PyTorch DepthNet Training on Still Box dataset

Overview

DepthNet training on Still Box

Project page

This code can replicate the results of our paper that was published in UAVg-17. If you use this repo in your work, please cite us with the following bibtex :

@Article{isprs-annals-IV-2-W3-67-2017,
AUTHOR = {Pinard, C. and Chevalley, L. and Manzanera, A. and Filliat, D.},
TITLE = {END-TO-END DEPTH FROM MOTION WITH STABILIZED MONOCULAR VIDEOS},
JOURNAL = {ISPRS Annals of Photogrammetry, Remote Sensing and Spatial Information Sciences},
VOLUME = {IV-2/W3},
YEAR = {2017},
PAGES = {67--74},
URL = {https://www.isprs-ann-photogramm-remote-sens-spatial-inf-sci.net/IV-2-W3/67/2017/},
DOI = {10.5194/isprs-annals-IV-2-W3-67-2017}
}

depthnet

End-to-end depth from motion with stabilized monocular videos

  • This code shows how the only translational movement of the camera can be leveraged to compute a very precise depth map, even at more than 300 times the displacement.
  • Thus, for a camera movement of 30cm (nominal displacement used here), you can see as far as 100m.

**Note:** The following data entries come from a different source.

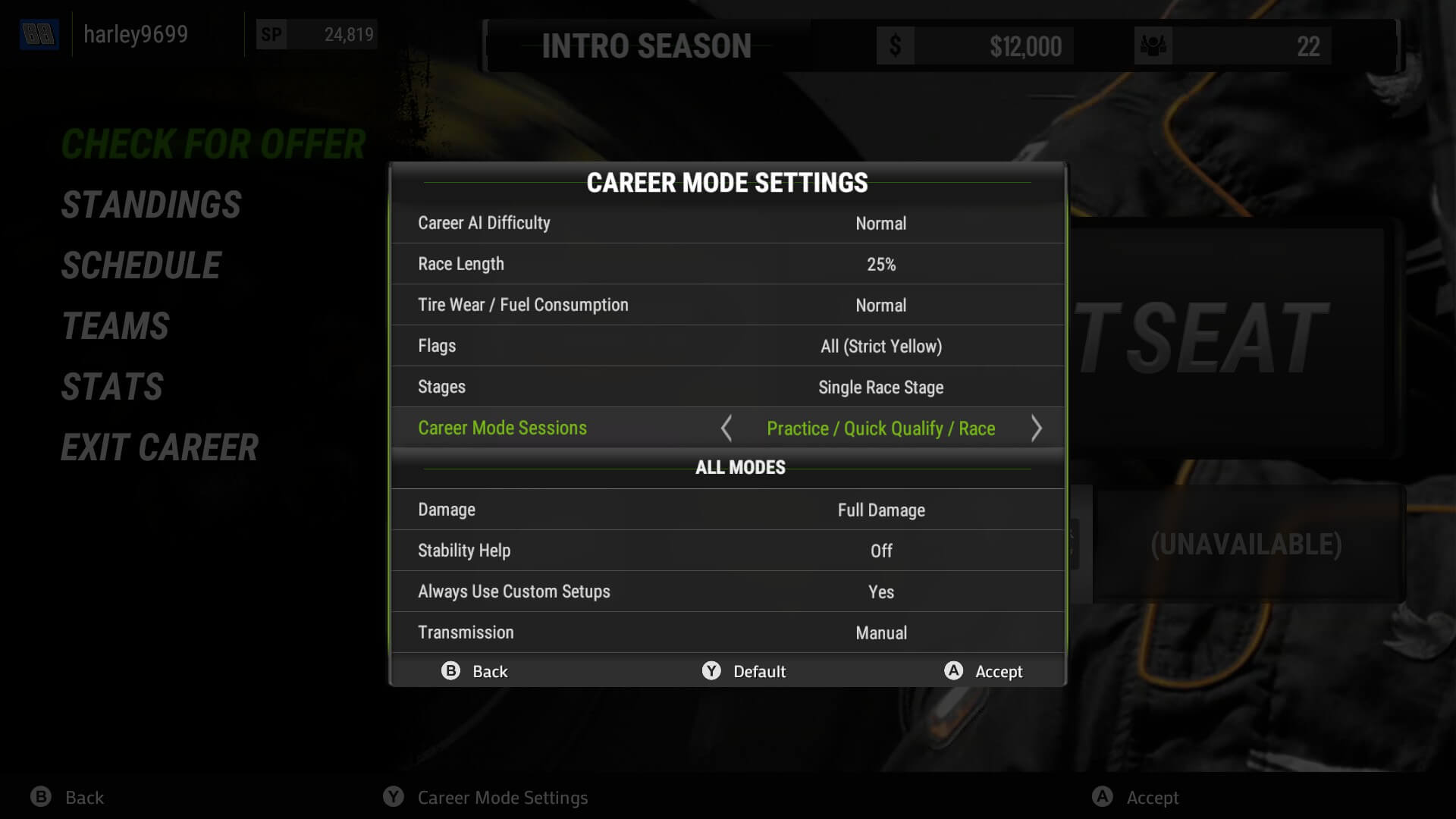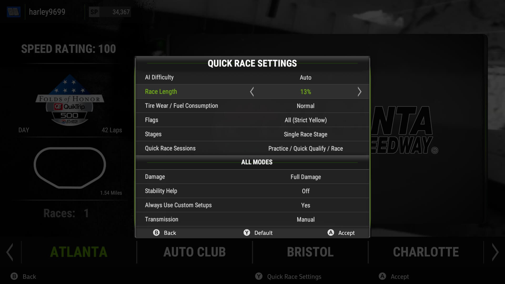 Below the Quick Race Settings are the Mode settings. The Damage options are None, Light, and Full. [Yet another reason I prefer Stock Cars over open-wheel racers. Sorry F1 fans, but I love the ability to trade paint and not have a flimsy, mandatory-change-needing, front spoiler or bent push-rod suspension bar rule me out for the rest of a 500-mile confrontation].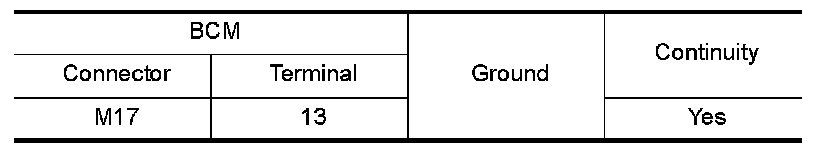 Check continuity between BCM harness connector and ground.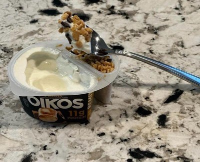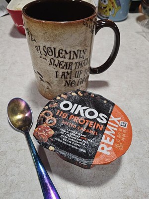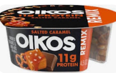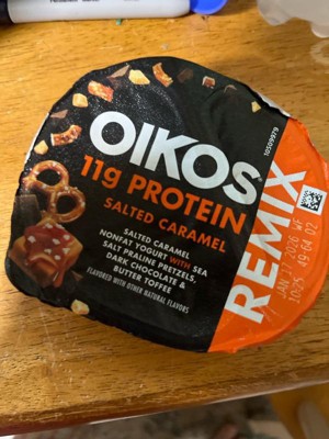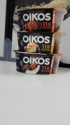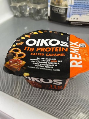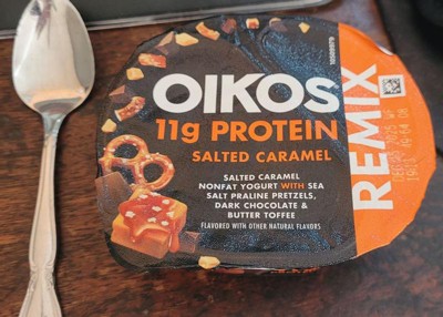 - TAKE YOUR SNACKING ROUTINE TO THE NEXT LEVEL: One 4.5 oz cup of Oikos REMIX Salted Caramel Nonfat Greek Yogurt with complete protein and bold mix-ins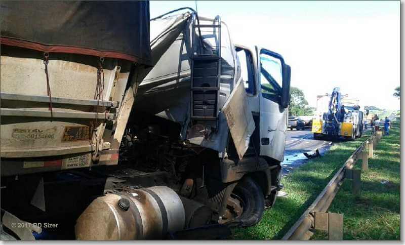 Um dos motoristas relatou que vinha de Poços de Caldas – MG, e acabou colidindo com o caminhão que vinha a frente. O caminhão que vinha atrás, com placas de Monte Alto – SP, estava em alta velocidade e acabou colidindo na traseira de seu veículo.
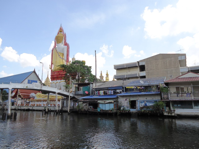 左に見える白いのは、ワット・パクナムの大チェディーです。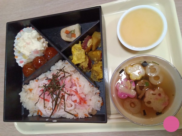 先日、ひな祭りに合わせて行事食を楽しんでいただきました(#^^#)

See our second paper for information about using this code on real videos with speed estimation

Multi range Real-time depth inference from a monocular stabilized footage using a Fully Convolutional Neural Network

Click Below for video

youtube video

DepthNet

DepthNet is a network designed to infer Depth Map directly from a pair of stabilized image.

  • No information is given about movement direction
  • DepthNet is Fully Convolutional, which means it is completely robust to optical center fault
  • This network only works for pinhole-like pictures

Still Box

stillbox

Still box is a dataset created specifically for supervised training of depth map inference for stabilized aerial footage. It tries to mimic typical drone footages in static scenes, and depth is impossible to infer from a single image, as shapes get all kinds of sizes and positions.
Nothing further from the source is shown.